На розвальнях, уложенных соломой,
Едва прикрытые рогожей роковой,
От Воробьевых гор до церковки знакомой
Мы ехали огромною Москвой.
А в Угличе играют дети в бабки
И пахнет хлеб, оставленный в печи.
По улицам меня везут без шапки,
И теплятся в часовне три свечи.
Не три свечи горели, а три встречи —
Одну из них сам Бог благословил,
Четвертой не бывать, а Рим далече —
И никогда он Рима не любил.
Ныряли сани в черные ухабы,
И возвращался с гульбища народ.
Худые мужики и злые бабы
Переминались у ворот.
Сырая даль от птичьих стай чернела,
И связанные руки затекли;
Царевича везут, немеет страшно тело —
И рыжую солому подожгли.
Ещё девиц не видно в баре,
Лакей невежлив и угрюм;
И в крепкой чудится сигаре
Американца едкий ум.
Сияет стойка красным лаком,
И дразнит сода-виски форт:
Кто незнаком с буфетным знаком
И в ярлыках не слишком твёрд?
Бананов груда золотая
На всякий случай подана,
И продавщица восковая
Невозмутима, как луна.
Сначала нам слегка взгрустнётся,
Мы спросим кофе с кюрассо.
В пол-оборота обернётся
Фортуны нашей колесо!
Потом, беседуя негромко,
Я на вращающийся стул
Влезаю в шляпе и, соломкой
Мешая лёд, внимаю гул…
Хозяйский глаз желтей червонца
Мечтателей не оскорбит…
Мы недовольны светом солнца,
Теченьем медленных орбит!
Айя-София — здесь остановиться
Судил Господь народам и царям!
Ведь купол твой, по слову очевидца,
Как на цепи, подвешен к небесам.
И всем векам — пример Юстиниана,
Когда похитить для чужих богов
Позволила эфесская Диана
Сто семь зеленых мраморных столбов.
Но что же думал твой строитель щедрый,
Когда, душой и помыслом высок,
Расположил апсиды и экседры,
Им указав на запад и восток?
Прекрасен храм, купающийся в мире,
И сорок окон — света торжество;
На парусах, под куполом, четыре
Архангела прекраснее всего.
И мудрое сферическое зданье
Народы и века переживет,
И серафимов гулкое рыданье
Не покоробит темных позолот.
Где римский судия судил чужой народ,
Стоит базилика, и — радостный и первый —
Как некогда Адам, распластывая нервы,
Играет мышцами крестовый легкий свод.
Но выдает себя снаружи тайный план,
Здесь позаботилась подпружных арок сила,
Чтоб масса грузная стены не сокрушила,
И свода дерзкого бездействует таран.
Стихийный лабиринт, непостижимый лес,
Души готической рассудочная пропасть,
Египетская мощь и христианства робость,
С тростинкой рядом — дуб, и всюду царь — отвес.

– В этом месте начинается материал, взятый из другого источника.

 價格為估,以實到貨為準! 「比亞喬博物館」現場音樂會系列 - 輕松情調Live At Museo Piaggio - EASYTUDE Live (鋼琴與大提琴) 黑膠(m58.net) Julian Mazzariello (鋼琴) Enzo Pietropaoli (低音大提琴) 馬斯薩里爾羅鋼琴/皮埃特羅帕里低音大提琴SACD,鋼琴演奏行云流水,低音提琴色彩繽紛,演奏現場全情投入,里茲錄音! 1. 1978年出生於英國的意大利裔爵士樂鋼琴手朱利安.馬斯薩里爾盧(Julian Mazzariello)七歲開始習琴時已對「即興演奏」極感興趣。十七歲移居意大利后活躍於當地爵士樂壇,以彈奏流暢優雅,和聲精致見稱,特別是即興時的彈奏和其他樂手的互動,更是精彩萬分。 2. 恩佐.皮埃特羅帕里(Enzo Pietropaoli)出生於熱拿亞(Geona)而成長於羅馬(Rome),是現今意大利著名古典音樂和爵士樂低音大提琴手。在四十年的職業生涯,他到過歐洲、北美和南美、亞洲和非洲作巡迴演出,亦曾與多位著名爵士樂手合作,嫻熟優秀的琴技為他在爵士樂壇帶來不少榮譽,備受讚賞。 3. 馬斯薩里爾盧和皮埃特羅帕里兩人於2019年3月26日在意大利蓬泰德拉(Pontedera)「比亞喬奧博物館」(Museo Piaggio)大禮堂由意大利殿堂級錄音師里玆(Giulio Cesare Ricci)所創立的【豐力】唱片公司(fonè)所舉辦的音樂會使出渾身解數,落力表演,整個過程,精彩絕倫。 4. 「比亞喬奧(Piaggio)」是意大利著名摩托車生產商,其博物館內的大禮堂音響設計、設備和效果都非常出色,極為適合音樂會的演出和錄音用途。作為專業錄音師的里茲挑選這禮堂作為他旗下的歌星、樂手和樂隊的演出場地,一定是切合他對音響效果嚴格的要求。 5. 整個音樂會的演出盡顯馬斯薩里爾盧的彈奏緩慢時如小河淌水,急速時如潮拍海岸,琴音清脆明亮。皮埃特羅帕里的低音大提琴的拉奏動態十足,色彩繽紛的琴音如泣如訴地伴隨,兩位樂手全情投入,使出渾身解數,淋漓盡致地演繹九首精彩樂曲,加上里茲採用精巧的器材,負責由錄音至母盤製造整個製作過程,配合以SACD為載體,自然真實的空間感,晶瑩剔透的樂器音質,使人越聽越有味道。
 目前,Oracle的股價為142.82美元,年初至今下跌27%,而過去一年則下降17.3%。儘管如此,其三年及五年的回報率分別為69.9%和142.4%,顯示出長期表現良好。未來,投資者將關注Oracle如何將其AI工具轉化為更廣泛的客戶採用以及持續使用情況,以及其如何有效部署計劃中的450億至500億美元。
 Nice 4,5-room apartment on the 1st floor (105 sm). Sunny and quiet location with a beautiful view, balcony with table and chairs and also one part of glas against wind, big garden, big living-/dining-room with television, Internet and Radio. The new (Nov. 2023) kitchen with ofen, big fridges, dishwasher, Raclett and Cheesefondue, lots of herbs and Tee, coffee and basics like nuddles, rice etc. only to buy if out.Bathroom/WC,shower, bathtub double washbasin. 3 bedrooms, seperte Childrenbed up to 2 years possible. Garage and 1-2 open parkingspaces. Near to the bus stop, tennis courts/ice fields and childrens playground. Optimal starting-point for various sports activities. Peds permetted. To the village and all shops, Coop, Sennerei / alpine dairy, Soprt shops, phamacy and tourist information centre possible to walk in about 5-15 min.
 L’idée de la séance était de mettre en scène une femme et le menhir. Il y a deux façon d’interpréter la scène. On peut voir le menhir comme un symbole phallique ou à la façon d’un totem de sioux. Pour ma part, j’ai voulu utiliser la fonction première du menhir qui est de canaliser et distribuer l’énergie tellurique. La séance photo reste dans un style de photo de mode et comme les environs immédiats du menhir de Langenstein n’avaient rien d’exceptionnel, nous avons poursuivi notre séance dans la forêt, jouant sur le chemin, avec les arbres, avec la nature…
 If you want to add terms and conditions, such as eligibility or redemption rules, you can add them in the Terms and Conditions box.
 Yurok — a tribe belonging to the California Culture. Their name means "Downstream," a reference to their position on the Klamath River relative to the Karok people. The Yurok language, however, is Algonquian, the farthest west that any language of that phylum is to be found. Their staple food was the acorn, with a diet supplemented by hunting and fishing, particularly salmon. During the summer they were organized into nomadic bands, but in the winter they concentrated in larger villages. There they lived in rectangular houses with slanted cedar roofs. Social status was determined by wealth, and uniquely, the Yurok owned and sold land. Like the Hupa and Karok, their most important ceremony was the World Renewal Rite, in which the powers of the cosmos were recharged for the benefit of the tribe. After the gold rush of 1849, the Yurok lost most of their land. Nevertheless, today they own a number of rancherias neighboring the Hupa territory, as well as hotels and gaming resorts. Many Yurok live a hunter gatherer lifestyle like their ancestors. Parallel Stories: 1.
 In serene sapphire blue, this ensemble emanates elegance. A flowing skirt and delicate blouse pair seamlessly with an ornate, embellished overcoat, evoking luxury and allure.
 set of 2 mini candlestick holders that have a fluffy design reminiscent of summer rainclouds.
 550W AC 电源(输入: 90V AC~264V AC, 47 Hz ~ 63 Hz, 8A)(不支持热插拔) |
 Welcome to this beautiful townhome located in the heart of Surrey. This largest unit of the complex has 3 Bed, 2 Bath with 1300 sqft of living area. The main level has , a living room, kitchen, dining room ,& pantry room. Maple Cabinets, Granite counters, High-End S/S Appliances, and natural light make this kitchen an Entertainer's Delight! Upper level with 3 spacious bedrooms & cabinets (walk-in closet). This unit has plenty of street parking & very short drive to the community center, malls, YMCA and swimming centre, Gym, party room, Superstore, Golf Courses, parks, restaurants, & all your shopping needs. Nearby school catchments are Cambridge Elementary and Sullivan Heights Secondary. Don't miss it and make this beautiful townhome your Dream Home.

Но чем внимательней, твердыня Notre Dame,
Я изучал твои чудовищные ребра, —
Тем чаще думал я: из тяжести недоброй
И я когда-нибудь прекрасное создам…
О, спутник вечного романа,
Аббат Флобера и Золя —
От зноя рыжая сутана
И шляпы круглые поля;
Он все еще проходит мимо,
В тумане полдня, вдоль межи,
Влача остаток власти Рима
Среди колосьев спелой ржи.
Храня молчанье и приличье,
Он должен с нами пить и есть
И прятать в светское обличье
Сияющей тонзуры честь.
Он Цицерона, на перине,
Читает, отходя ко сну:
Так птицы на своей латыни
Молились Богу в старину.
Я поклонился, он ответил
Кивком учтивым головы,
И, говоря со мной, заметил:
«Католиком умрете вы!»
Потом вздохнул: «Как нынче жарко!»
И, разговором утомлен,
Направился к каштанам парка,
В тот замок, где обедал он.
Я наравне с другими
Хочу тебе служить,
От ревности сухими
Губами ворожить.
Не утоляет слово
Мне пересохших уст,
И без тебя мне снова
Дремучий воздух пуст.
Я больше не ревную,
Но я тебя хочу,
И сам себя несу я,
Как жертву палачу.
Тебя не назову я
Ни радость, ни любовь.
На дикую, чужую
Мне подменили кровь.
Еще одно мгновенье,
И я скажу тебе,
Не радость, а мученье
Я нахожу в тебе.
И, словно преступленье,
Меня к тебе влечет
Искусанный в смятеньи
Вишневый нежный рот.
Вернись ко мне скорее,
Мне страшно без тебя,
Я никогда сильнее
Не чувствовал тебя,
И все, чего хочу я,
Я вижу наяву.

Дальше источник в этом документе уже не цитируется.